EIn this case, I have not told almost anyone. The closest family and two friends know about it, that’s it. I did not see myself able to tell anyone else because I have the feeling that it is a taboo topic. So I have spent weeks in absolute solitude and without sharing the pain with almost anyone. I think it was a big mistake, and I am remedying it now. There is nothing to be ashamed of if this happens to us, it is not our fault and it should not be any secret. In the end, I have the feeling that society is always looking for ways to make women suffer in silence.
I feel better by putting my two cents and trying to normalize these issues, at the end of the day it is my life. My life and everyone’s life is this, vacations, happiness and cakes that go well and others that go bad. I also want you to know that I am fine now, little by little recovering my mood and everything going back to normal. I will never forget the experience and what is worse, I will never be able to remove the fear from my thoughts and the fear that it could happen to me again. But, although I often doubt it myself, I am a brave and fighter woman. Life hasn’t gotten me down yet, I just hope it stops trying for a while :)/p>
Thank you for reading me and for the supportive comments from my wonderful readers that I know I will receive. And my support to those who have gone through the same thing, we are strong and almost indestructible !! And above all, above all: it was NOT your fault/p>
If you have made this recipe, leave me a comment so I know if you liked it! You can also upload a photo to Instagram using the hashtag #caudesucre and tag @caudesucre so you can see them. I love to read you and see your creations !!

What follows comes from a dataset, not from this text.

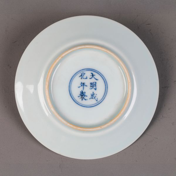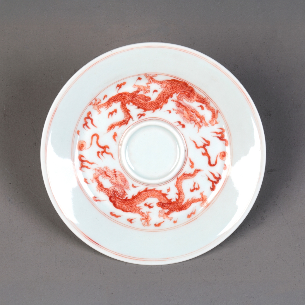 bearing a six character Chenghua mark but later, decorated with dragons chasing pearls amongst flames, 11cm diameter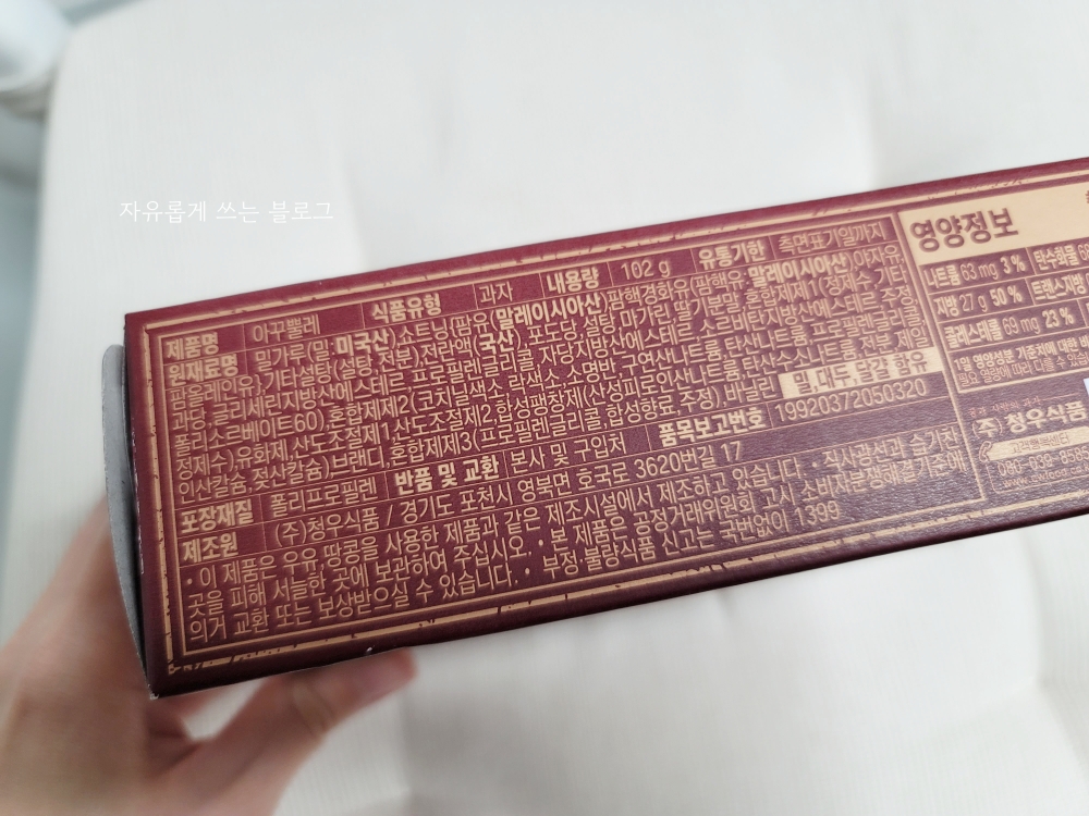박스 한 쪽에는 영어로, 다른 한 쪽에는 한글로 적혀 있네요. 유러피안 프리미엄 쿠키라는 문구도 보입니다.

Spelt almond cake with cashew and blueberry icing
Refined sugar-free spelled sponge cake with a creamy and delicious glaze based on freeze-dried cashew paste and cranberry powder.
- FOR THE CAKE:
- 75 g butter (at room temperature)
- 60g maple syrup
- 1 teaspoon vanilla extract
- 3 eggs
- 120 g spelt flour
- 30 g almond flour
- 2 teaspoons baking powder
- 1 pinch of salt
- 75 ml unsweetened almond milk
- A little butter and flour for the pan
- FOR THE ICING:
- 120 g cashew nuts
- 3 tablespoons maple syrup
- 4 tablespoons water
- ½ teaspoon vanilla extract
- 1 to 2 tablespoons freeze dried blueberry powder
- TO DECORATE:
- Fresh blueberries
- edible flowers like lilac
For the icing, soak the cashews in plenty of water for about 4-6 hours.
Preheat the oven to 170 ° C. With an electric hand mixer, mix the butter, maple syrup and vanilla for a few minutes, until the mixture becomes fluffy. Add the eggs one at a time and keep mixing until just added.
In a bowl, sift the spelt flour, almond flour, baking powder and salt and add it alternately with the almond milk to the egg mixture. Mix everything until there are no lumps, without overmixing.
Grease the pan with a little butter and sprinkle it with flour. Pour the batter into the pan and bake for about 35 minutes. Do the toothpick test to make sure it's baked. Remove from the oven and cool on a rack.
Drain the cashews well. Add all other icing ingredients to a food processor and blend until smooth. Decorate the cake with the icing, the blueberries and the flowers.